▸ What the task asks: Set down the data below without change, skipping the pictures it holds.

▸ Working data:
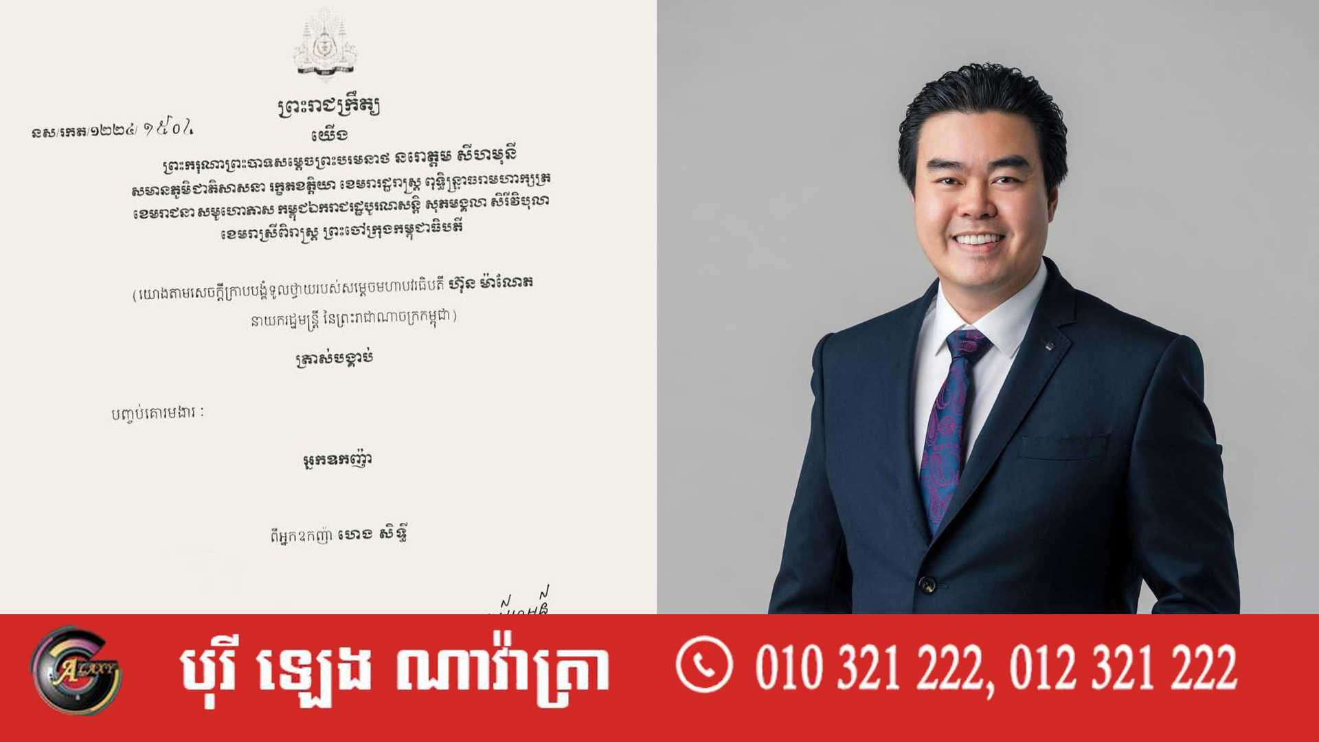 ព្រះមហាក្សត្រ ចេញព្រះរាជក្រឹត្យបញ្ចប់គោរមងារ «អ្នកឧកញ៉ា» ពីអ្នកឧកញ៉ា ហេង សិទ្ធី បន្ទាប់ពីមានពាក្យបណ្តឹងគំរាមទារប្រាក់ ២លានដុល្លារ ពីជនជាតិសិង្ហបុរី
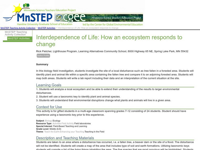 Serc: Interdependence of Life: How an Ecosystem Responds to Change
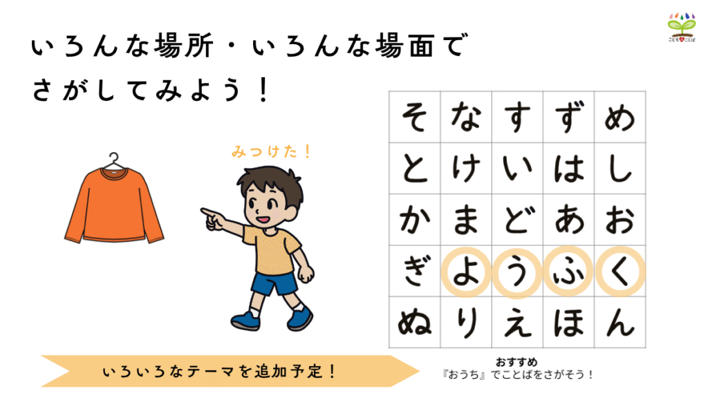 例えば『おうちで探そう』なら家にあるものを中心に、いくつかの単語が隠れています。
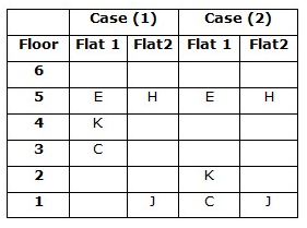 E and H stay on the same floor above the floor on which C stays, but not immediately above. There are only three floors between H and J, both stay on flat no. 2. C stays just below K and both stays on flat no. 1. C does not stay on even numbered floor. B stays on immediately above D and both stays on the same flat number. D stays on even numbered floor. G stays on the topmost floor. Only three floors between G and A, both stays on a different flat number. L stays below F, both stay in different flat number. There is more than one floor between L and F.
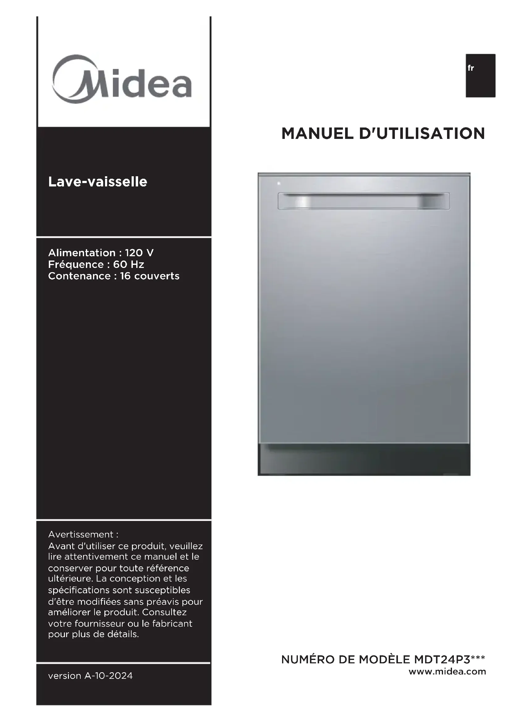 Cher(e) utilisateur(trice), MERCI et FÉLICITATIONS pour l’achat de ce produit Midea de haute qualité. Votre lave-vaisselle Midea représente l'état de l'art et est conçu pour vous offrir des performances à la fois fiables et sans problème. Veuillez prendre un moment pour enregistrer votre nouveau lave-vaisselle. Enregistrez votre nouveau lave-vaisselle à https://us.midea.com/support dans l'onglet Support (Assistance). Pour toute référence future, notez les numéros de modèle et de série de votre produit sur le cadre intérieur du lave-vaisselle. Numéro de modèle Numéro de série Chargement des suggestions............................................................. 18 Instructions de fonctionnement3 Précautions de sécuritéExigences de fonctionnementPièces et fonctionnalitésGuide de démarrageCommandesConfiguration et fonctionnement de l'applicationUtilisation du lave-vaisselleEntretien du lave-vaisselleDépannagePrécautions de sécuritéExigences de fonctionnementPièces et fonctionnalitésGuide de démarrageInstructions de fonctionnementConfiguration et fonctionnement de l'applicationUtilisation du lave-vaisselleEntretien du lave-vaisselleDépannage
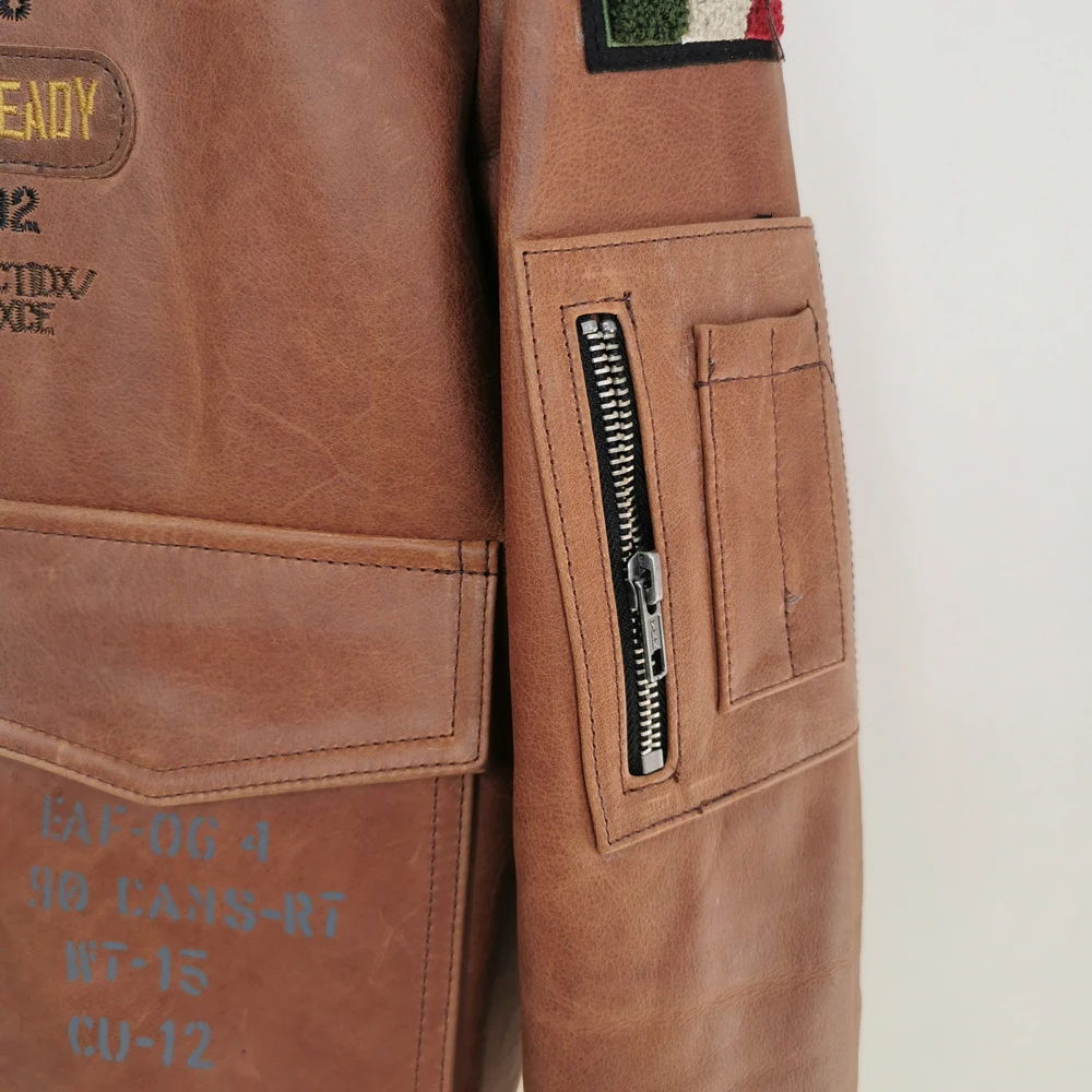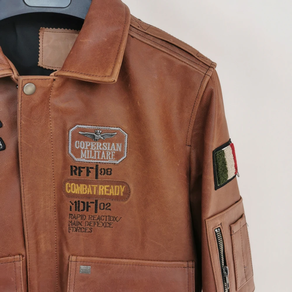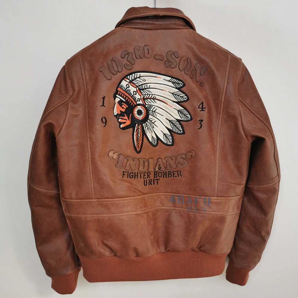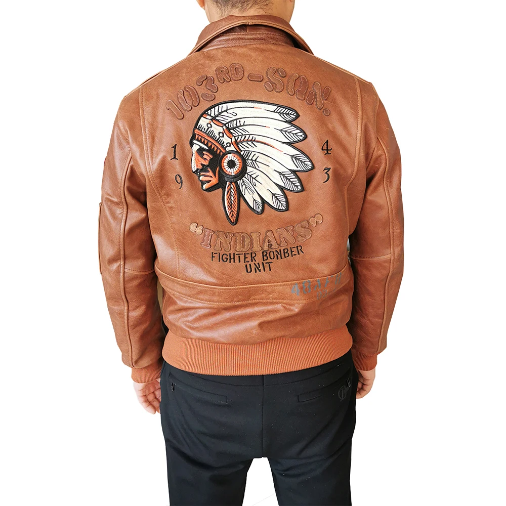 Indian Embroidery Bomber Flight Jackets Natural Genuine Leather Coat Men Cowhide Motorcycle Biker Jackets Fashion Clothing M600
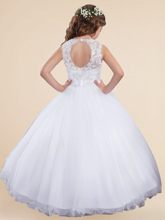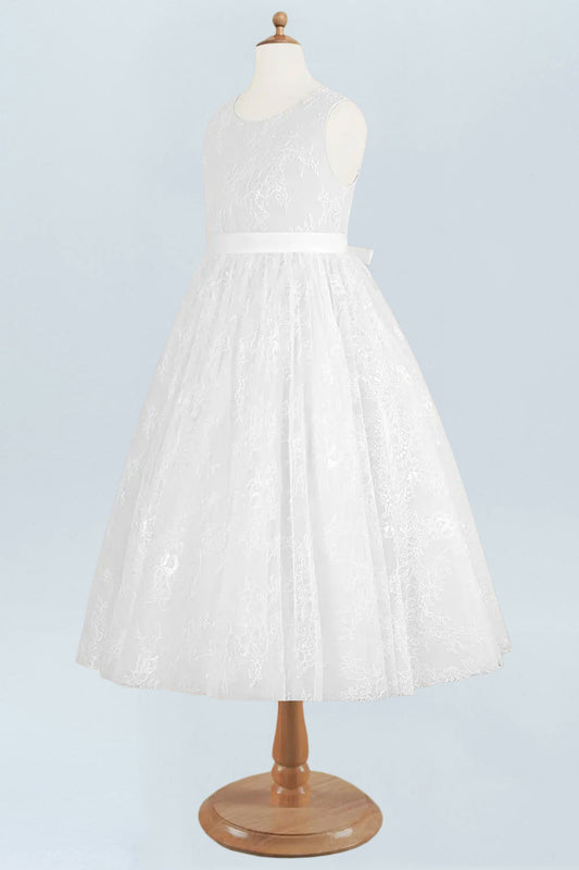 Lace A-Line Scoop Neck Sleeveless Flower Girl Dress-F500048
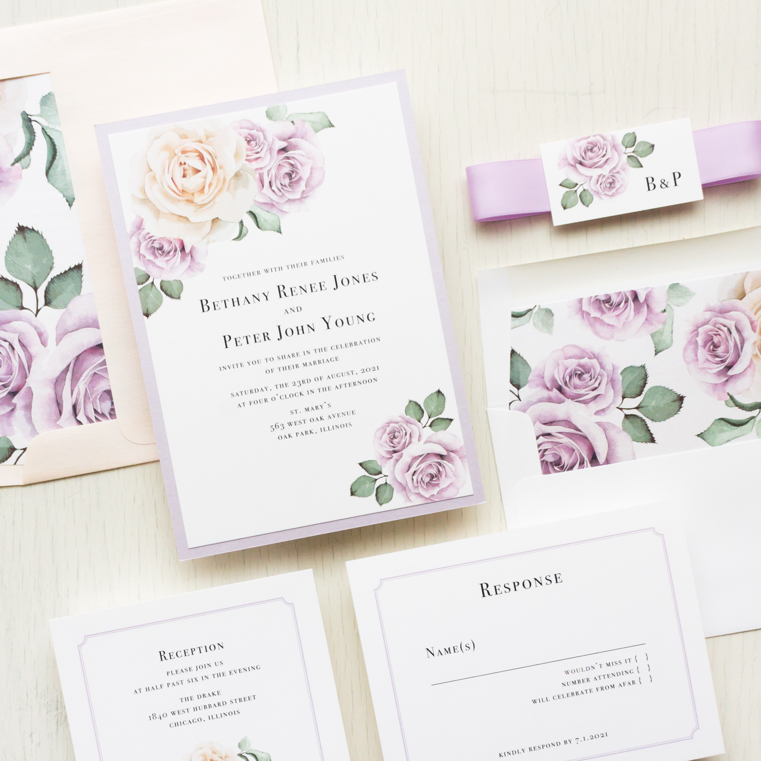 Lavender blush wedding invitations featuring mauve and ivory flowers and simple clean fonts. Paired with a blush peach metallic guest envelope and a simple lilac ribbon belly band, these little cuties are sure to delight your guests! They’re perfect for an outdoor garden wedding.
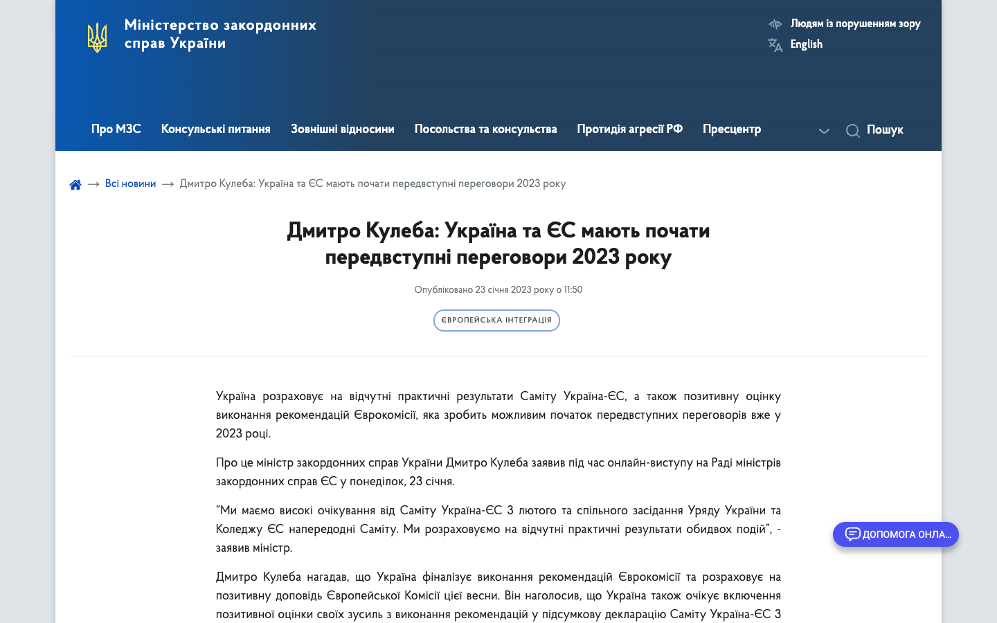 Ранее в ЕС заявляли, что промежуточная устная оценка выполнения Украиной реформ для открытия переговоров о вступлении состоится весной, но официальная - осенью 2023 года.

▸ Problem solution:
 ព្រះមហាក្សត្រ ចេញព្រះរាជក្រឹត្យបញ្ចប់គោរមងារ «អ្នកឧកញ៉ា» ពីអ្នកឧកញ៉ា ហេង សិទ្ធី បន្ទាប់ពីមានពាក្យបណ្តឹងគំរាមទារប្រាក់ ២លានដុល្លារ ពីជនជាតិសិង្ហបុរី
 Serc: Interdependence of Life: How an Ecosystem Responds to Change
 例えば『おうちで探そう』なら家にあるものを中心に、いくつかの単語が隠れています。
 E and H stay on the same floor above the floor on which C stays, but not immediately above. There are only three floors between H and J, both stay on flat no. 2. C stays just below K and both stays on flat no. 1. C does not stay on even numbered floor. B stays on immediately above D and both stays on the same flat number. D stays on even numbered floor. G stays on the topmost floor. Only three floors between G and A, both stays on a different flat number. L stays below F, both stay in different flat number. There is more than one floor between L and F.
 Cher(e) utilisateur(trice), MERCI et FÉLICITATIONS pour l’achat de ce produit Midea de haute qualité. Votre lave-vaisselle Midea représente l'état de l'art et est conçu pour vous offrir des performances à la fois fiables et sans problème. Veuillez prendre un moment pour enregistrer votre nouveau lave-vaisselle. Enregistrez votre nouveau lave-vaisselle à https://us.midea.com/support dans l'onglet Support (Assistance). Pour toute référence future, notez les numéros de modèle et de série de votre produit sur le cadre intérieur du lave-vaisselle. Numéro de modèle Numéro de série Chargement des suggestions............................................................. 18 Instructions de fonctionnement3 Précautions de sécuritéExigences de fonctionnementPièces et fonctionnalitésGuide de démarrageCommandesConfiguration et fonctionnement de l'applicationUtilisation du lave-vaisselleEntretien du lave-vaisselleDépannagePrécautions de sécuritéExigences de fonctionnementPièces et fonctionnalitésGuide de démarrageInstructions de fonctionnementConfiguration et fonctionnement de l'applicationUtilisation du lave-vaisselleEntretien du lave-vaisselleDépannage
 Indian Embroidery Bomber Flight Jackets Natural Genuine Leather Coat Men Cowhide Motorcycle Biker Jackets Fashion Clothing M600
 Lace A-Line Scoop Neck Sleeveless Flower Girl Dress-F500048
 Lavender blush wedding invitations featuring mauve and ivory flowers and simple clean fonts. Paired with a blush peach metallic guest envelope and a simple lilac ribbon belly band, these little cuties are sure to delight your guests! They’re perfect for an outdoor garden wedding.
 Ранее в ЕС заявляли, что промежуточная устная оценка выполнения Украиной реформ для открытия переговоров о вступлении состоится весной, но официальная - осенью 2023 года.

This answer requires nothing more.